Официантка Варвара расставила на столе тарелочки с дымящимися, очень аппетитными на вид пирожками, вазочки со взбитыми сливками, украшенными дроблеными грецкими орехами, разлила в фарфоровые чашки ароматный кофе.
— Кушайте на здоровье!.. — заботливо оглядела стол, потом обернулась к Прохорову с трогательнозастенчивой улыбкой: все ли я сделала как надо. И он ее похвалил, барски потрепал по плечу. Никак не шел ему этот жест, не совпадал с тем образом, который он передо мной так кропотливо выстраивал.
— Какой интересный старикан там, у окна, — сказал я, — мыслитель на пенсии.
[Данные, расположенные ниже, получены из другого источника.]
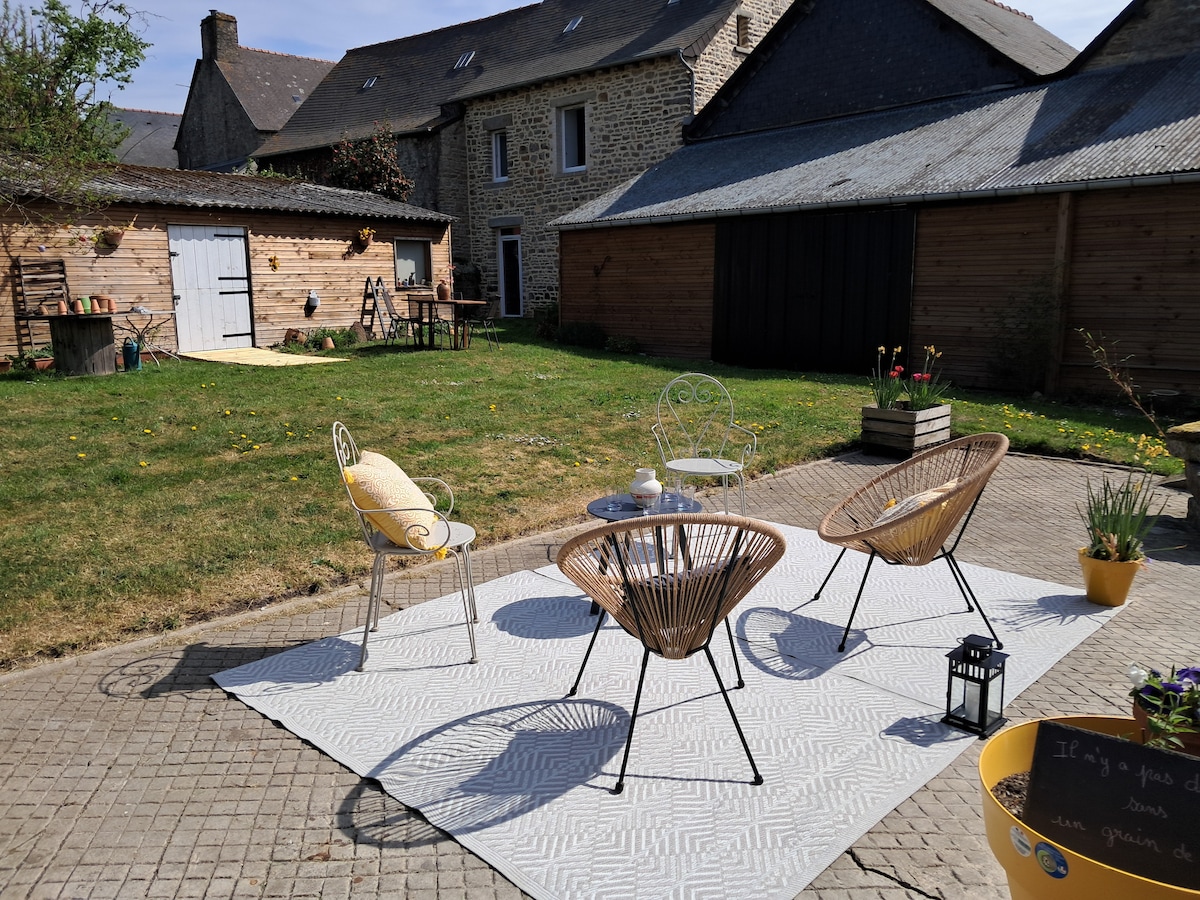 Arrivée autonome, digicode portail + boîte à clé, horaire d'arrivée à définir. Cour commune. 1 place de park. sécurisée devant la location. Entrée verdoyante privée, maison adaptée pour pers. seule ou couple, chambre séparée lit 160x200. Commerces à 1 mn à pied (boulang., tabac, presse, épicerie... ouverts dim. matin). Proche Chât. Rocher Portail (3mn), A84 (5mn), Avranches, Rennes, Fougères, Mt St Michel (30mn)... Linges lit+toilette inclus. Ménage non inclus dans le tarif, à faire avant départ

Прохоров послушно вытянул шею; — Тот, с молоком? Ничего особенного, уверяю вас.
Он всегда тут сидит в это время. Тупое прощание с жизнью…
— Вас послушаешь — выть хочется. Не то что…
— Все, все… Прекращаю нагонять тоску. Действительно, разболтался… Сами виноваты, как-то вы задели струну… Жалоба! Мне ли жаловаться, Виктор Андреевич, мне ли? Сам кругом виноват. Да-с. Ведь рассказывал вам обо мне незабвенный Владлен Осипович? Не мог не рассказывать.
— Говорил, что вы очень талантливый человек.
— Был талантливый. Был когда-то.
Он с хрустом разжевал пирожок, потратив на это усилие столько энергии, что весь покрылся испариной.
Розовые щечки увлажнились, бледный румянец потек к подбородку, как овсяный кисель. Вид сладкой и жирной еды вызывал у меня отвращение, все-таки через силу я проглотил несколько ложек взбитых сливок. Вкусно, ничего. Прохоров, начав есть, жевал теперь безостановочно: сосредоточенно, молча, с пыхтением. Лицо его приобрело мечтательное выражение. Скулы ходили под тонкой кожей, как тугие шестеренки. Хруст, сосание, цыканье зубом, прихлебывание. Брр! Он больше не обращал на меня внимания.